O canto do tuiuiu

Por Sônia Pillon

Pensei que nunca mais voltaria para esse lugar. A mesma ponte longa de madeira, o mesmo céu, o mesmo deck à beira-mar, as mesmas garças agitadas e fugidias, com seus voos rasantes e largas asas... O mesmo mar calmo, o mesmo horizonte a perder de vista, o mesmo silêncio... Sem barco,
sem pescador, sem ninguém mais além de mim. Respirei fundo, tomada pela emoção. Era a natureza mais uma vez se mostrando preguiçosa e lânguida naquela manhã de domingo, premiada pela aparição bem-vinda do astro-rei, soberano absoluto daquela praia e de todos os seres que dele dependem. Porém, ao contrário da vez anterior, o vento não acompanhava seus raios e ainda era possível enxergar algumas poças da chuva formadas durante a chuvosa noite que antecedeu a luz do dia.

No trajeto de caminhar vagaroso que fiz do pátio da pousada até ali, ouvindo meus passos a cada estalar da madeira trabalhada, tive uma rara visão. Era o tuiuiu! Como não reconhecer as penas pretas e reluzentes do corpo, contrastando com a cabeça de vermelho tão vivo? O canto também era inconfundível.

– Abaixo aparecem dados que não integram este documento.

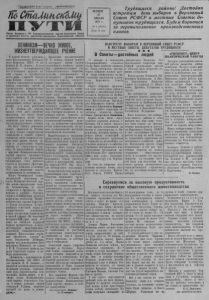 Пвд.Шпдрни всех стран, соединяйтесь/ 1и> Сь1&А1Ш/\ ЧЕТВЕРГ 20 ЯНВАРЯ 1955 г. № 6 (16109) Цена 10 коп. Орган Северно!о РК Коммунистической партии Советского Союза и районного Совета депутатов трудящихся Новосибирской области Трудящиеся района! Достойно встретим день выборов в Верховный Совет РСФСР и местные Советы депутатов трудящихся. Будем бороться за перевыполнение производственных планов. ЛЕНИНИЗМ— ВЕЧНО ЖИВОЕ, ЖИЗНЕУТВЕРЖДАЮЩЕЕ УЧЕНИЕ В нашей печати опубликовано Постановление Центрального Комитета КПСС «0 дне памяти В. И. Ленина». В этом документе подчеркивается, что в сознании народов нашей страны и трудящихся всего мира с именем Владимира Ильича Ленина, с его учением связываются великие победы советских людей в строительстве коммунистического общества. Поэтому теперь более целесообразно отмечать память В. И. Ленина не в день его смерти, что накладывает печать траура и скорби, а в день рождения В. И. Ленина— 22 апреля, придав этой дате значение праздника, что будет более соответствовать всему духу ленинизма как вечно живого, жизнеутверждающего учения. На всех этапах революционного движения в России, на всех этапах строительства социализма в нашей стране ленинские идеи озаряли и озаряют ныне ярким светом задачи н перспективы борьбы партии, ее стратегию и так тику. В жесточайшей борьбе с врагами Коммунистическая партия провела трудящихся через горнило трех революций. Организовав союз рабочего класса и трудового крестьянства, она добилась в октябре 1917 года свержения власти капиталистов и помещиков. После Октябрьской социалистической революции на плечи Коммунистической партии легли грандиозные задачи, беспримерные по своей сложности и трудности, масштабам н глубине. Руководствуясь бессмертным учением марксизма-ленинизма, Коммунистическая партия Советского Союза вдохновила и организовала советский народ на осуществление ленинского плана построения социализма в нашей стране. За короткий исторический срок наша Родина из отсталой аграрной страны превратилась в могущественную индустриальноколхозную социалистическую державу. Преодолевая огромные трудности, следуя по пути, указанному Лениным, партия под руководством Центрального Комитета во главе с И. В. Сталиным привела народы Советской страны к победе социализма. «Ленинизм, — указывается в Постановлении ЦК КПСС «О дне памяти В. И. Ленина»,— является великим жизнеутверждающим учением, освещающим путь строительства коммунизма. Ленин живет в великих делах Коммунистической партии Советского Союза, в новых успехах нашей советской Родины, уверенно идущей по пути к коммунизму». Претворяя предначертания В. И. Ленина, партия решает в настоящее время задачи дальнейшего мощного развития производительных сил социалистического общества, подъема материального н культурного уровня жизни советского народа, осуществляет мероприятия, направленные на постепенный переход от социализма к коммунизму. Осуществляется ленинская идея электрификации страны. Партия настойчиво проводит мероприятия по дальнейшему мощному подъему сельского хозяйства. Трудящиеся СССР осваивают миллионы гектаров целинных и за лежных земель, борются за увеличение урожайности всех сельскохозяйственных куль тур, за повышение продуктивности животноводства, за лучшее удовлетворение растущих потребнос

Então, aproximei meu olhar lentamente, evitando gestos bruscos, e fiquei admirando e agradecendo ao universo por estar ali. Já haviam me dito que o tuiuiu era ave pouco vista naquele balneário, possivelmente por medo de predadores e de olhares curiosos, como o meu... Ele estava se equilibrando com os pés no topo da seca vegetação aquática, como um equilibrista. Ficou assim por uns trinta segundos mais ou menos, virando a cabeça
vermelha para um lado e para o outro, enquanto cantava. Era um canto nervoso, com olhar atento. Aquela ave parecia ainda decidir o que fazer, para onde ir. E eu ali, admirando aquelas penas bicolores, imóvel, sem coragem de acionar o celular para eternizar aquela imagem. Temia que ele,
incomodado, voasse correndo dali. Estiquei o tempo, aproveitei o momento.

Finalmente, o tuiuiu tomou a decisão, abriu as asas e saiu cantando na direção oposta dos meus passos. Segui trilhando a ponte até o deck. O horizonte continuava ali, sem as preocupações humanas, tão estranhas àquele mundo de águas calmas. Permaneci alguns minutos, tentando acalmar os pensamentos agitados naquele lugar calmo. Depois olhei a hora no celular. Era a hora de voltar. Mundo real esperava do outro lado da comprida ponte de madeira. Me enchi de coragem e voltei.